A shoe manufactured in accordance with a preferred embodiment of the present invention is shown in FIG. 4 and generally designated 10. The shoe 10 includes an upper 12, a bottom 14 and an outsole 16. As shown in FIG. 7, the shoe 10 also includes an insole 20 and a footbed 22 that are fitted within the upper 12. The upper 12 and bottom 14 are stitched together along a substantially horizontal seam 18. The outsole 16 includes separate forefoot and heel portions, 24 and 26, respectively. Although the present invention is described in connection with an aftersport shoe, the present invention is well-suited for use with other conventional categories of footwear. In this application, the term “arch region” refers generally to that portion of the shoe corresponding to the arch of the wearer's foot, the term “forefoot region” refers generally to the portion of the shoe forward of the arch region corresponding the forefoot (e.g. ball and toes) of the wearer's foot, and the term “heel region” refers generally to that portion of the shoe rearward of the arch region corresponding to the heel of the wearer's foot. The forefoot region 30, arch region 32 and heel region 34 are identified in FIG. 4.

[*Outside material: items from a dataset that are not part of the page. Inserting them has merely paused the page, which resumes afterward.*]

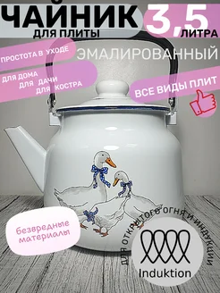 Чайник эмалированный 3,5 литра Гуси, подвижная ручка
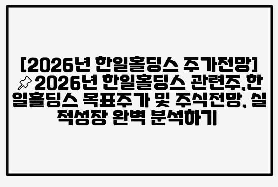 [2026년 한일홀딩스 주가전망]📌2026년 한일홀딩스 관련주,한일홀딩스 목표주가 및 주식전망, 실적성장 완벽 분석하기 (+한일홀딩스 주식전망, 한일홀딩스 주가전망,…
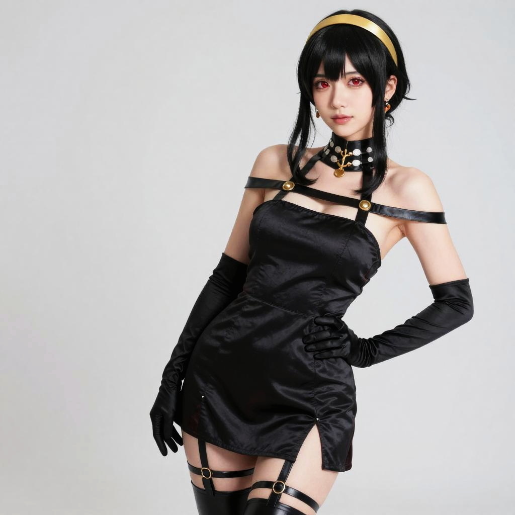 Portrait of a woman with black hair and red eyes wearing a stylish black off-shoulder dress with thigh straps and long black gloves. She accessorizes with a gold hairband, matching choker necklace with floral detail, and earrings. The woman poses confidently with one hand on her hip against a plain white background.
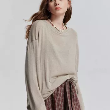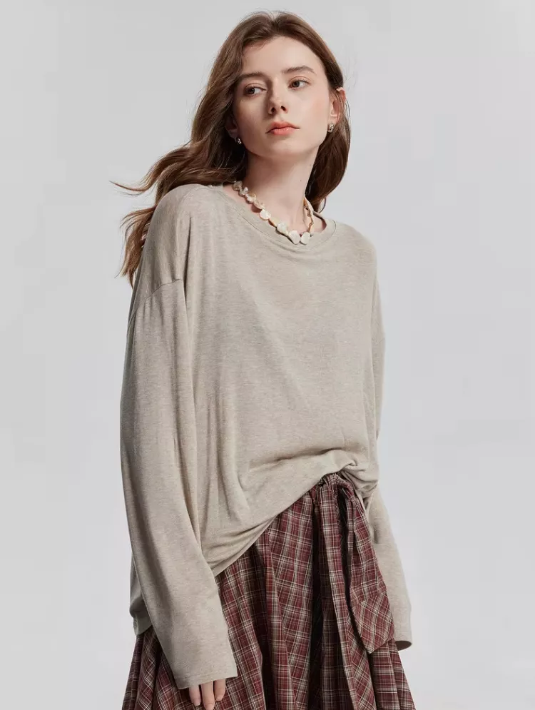 Women’s Lyocell Wool Long Sleeve Pure Color Pullover T-shirt
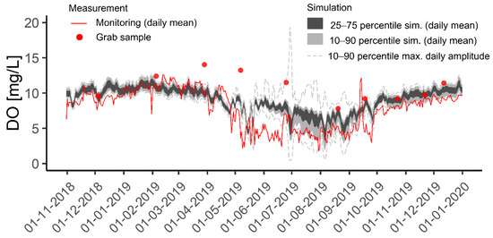 MC simulation results at Parallelvej for the DO concentration (gray and black shading/lines) compared to the online sensor (red line; located under a bridge in the shade) and grab sample measurements (red circles, measured in the afternoon) j. The results are shown for the verification period only. The gray and black shadings show the 10–90 percentiles of estimated daily DO concentrations. The dashed grey lines show the 10–90 percentiles of maximum daily amplitude resulting from photosynthesis/respiration. Input parameter distributions can be found in Table S5.

As described above, the upper 12 and the bottom 14 cooperatively define the foot-containing envelope of the shoe 10. Although the precise design and layout of the upper 12 will vary from application to applications, the upper 12 preferably includes inner quarter 100 (See FIG. 8B), outer quarter 102 (See FIG. 8A), eyestay 104 (See FIG. 8C), backstay 106 (See FIG. 8D) and tongue 108 (See FIG. 8E). The upper 12 includes a marginal allowance 36 extending around its periphery for securing the upper 12 to the bottom 14 as described in more detail below. The margin 36 varies in width between the forefoot 30, arch 32 and heel 34 regions to provide sufficient material for stitching the upper 12 to the bottom 14. As shown, the margin 36 in the forefoot and heel regions is wide enough to accommodate an outwardly turned moc stitch. The margin 36 in the arch region is significantly narrower, providing just enough material for an inwardly turned butt stitch.

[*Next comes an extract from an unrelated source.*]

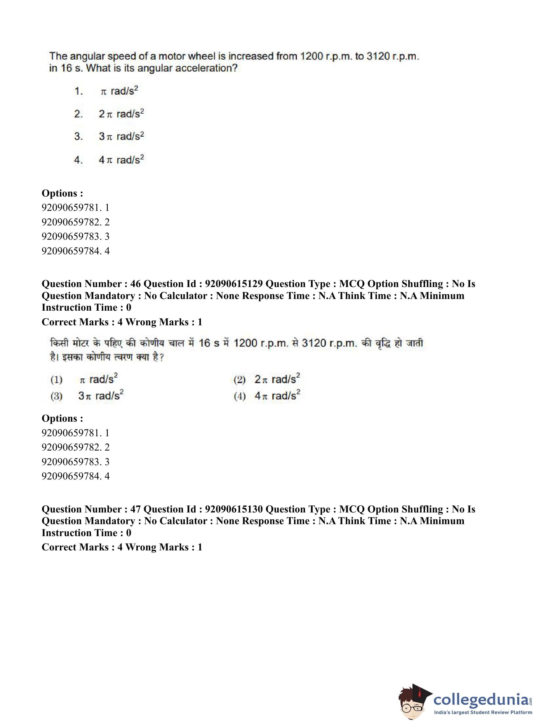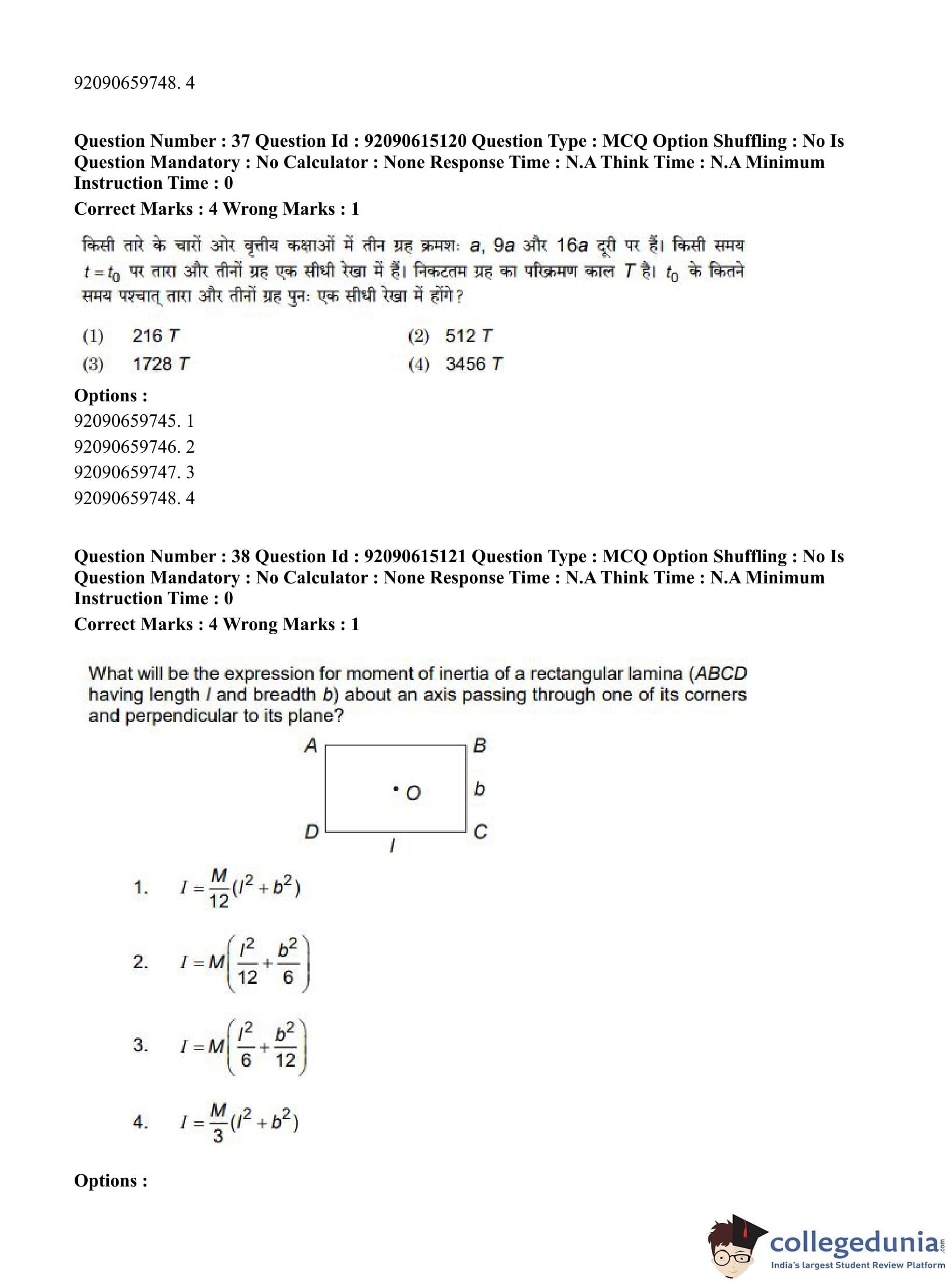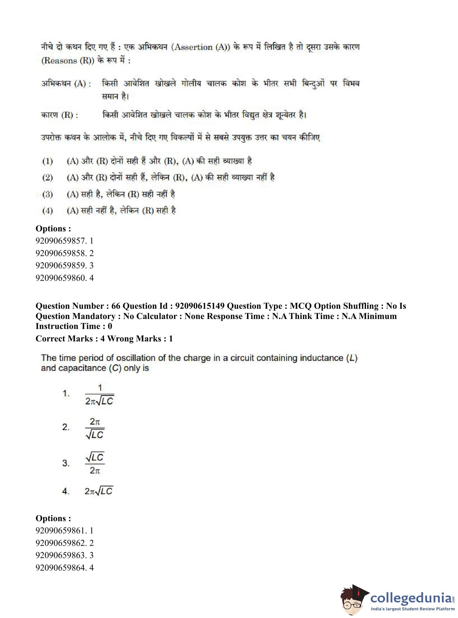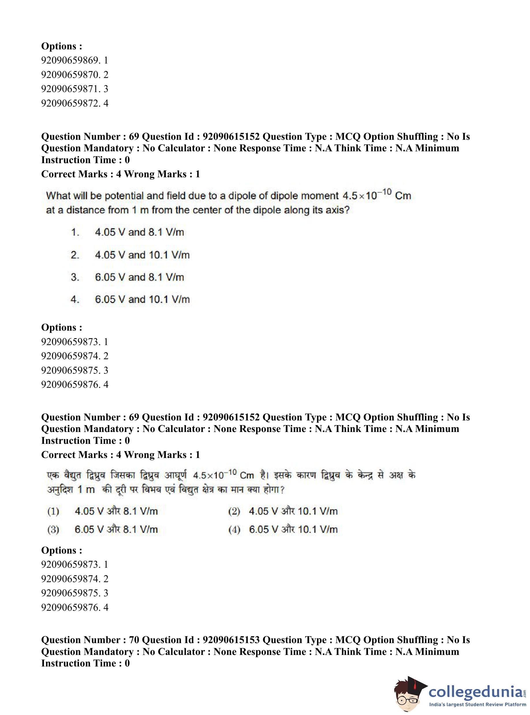 CUET PG 2023 Physics Question Paper in Hindi (June 12 - Shift 3)

The bottom 14 preferably includes inner piece 112 (See FIG. 9A) and outer piece 114 (See FIG. 9B). The two pieces 112 and 114 extend longitudinally along inner and outer sides of the shoe 10 and are joined together along a longitudinal seam extending substantially along the center of the bottom 14. The bottom 14 includes a marginal portion 38 extending around its periphery for securing the bottom 14 to the upper 12. Referring now to FIG. 4, the bottom margin 38, like the upper margin 36, varies in width between the forefoot, arch and heel regions. The margin 38 in the forefoot and heel regions is wide enough to accommodate an outwardly turned moc stitch while the margin 38 in the arch region is narrower, providing just enough material for an inwardly turned butt stitch.

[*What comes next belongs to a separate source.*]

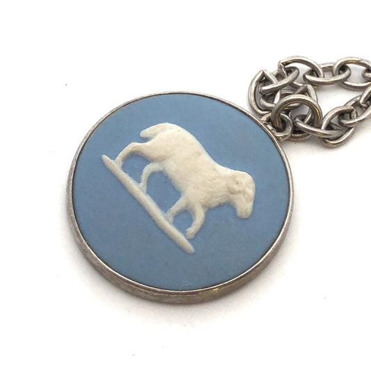 JW Wedgwood England 925 Sterling Silver Blue Sheep Cameo Charm Bracelet

An insole 20 is cemented within the upper 12 to the top surface of the bottom 14. The insole 20 preferably extends only three-quarters of the length of the shoe 10 terminating in the forefoot region 30 in approximate alignment with the ball of the foot. The thickness of the insole 20 preferably tapers-off toward its forward edge. The insole 20 is preferably shaped to match the contour of the undersurface of a foot, providing a substantially rigid platform to support the arch and heel regions of the foot. Although the rigidity of the insole 20 can vary from application to application, the preferred insole 20 is sufficiently rigid to prevent flexing of the shoe 10 in the heel and arch regions under normal loads. As a result, the insole 20 eliminates the need for a conventional shank. The insole 20 is preferably manufactured from conventional materials, such as nylon or other polymeric materials.
A footbed 22 is removably fitted within the upper 12 atop the insole 20. The footbed 22 preferably extends the full length of the shoe 10 and is of a dual-density construction having upper 40 and lower 42 layers. The upper layer 40 is preferably manufactured from a cushioning material having a relatively low density. As a result, the upper layer 40 provides resiliency and cushioning under relatively small load, such as during sitting, standing or gentle movements. The lower layer 42 is preferably manufactured from a relatively high density material, providing resiliency and cushioning under heavier loads, such as during walking, running or jumping. A conventional sock liner (not shown) preferably covers the upper surface of the footbed 22.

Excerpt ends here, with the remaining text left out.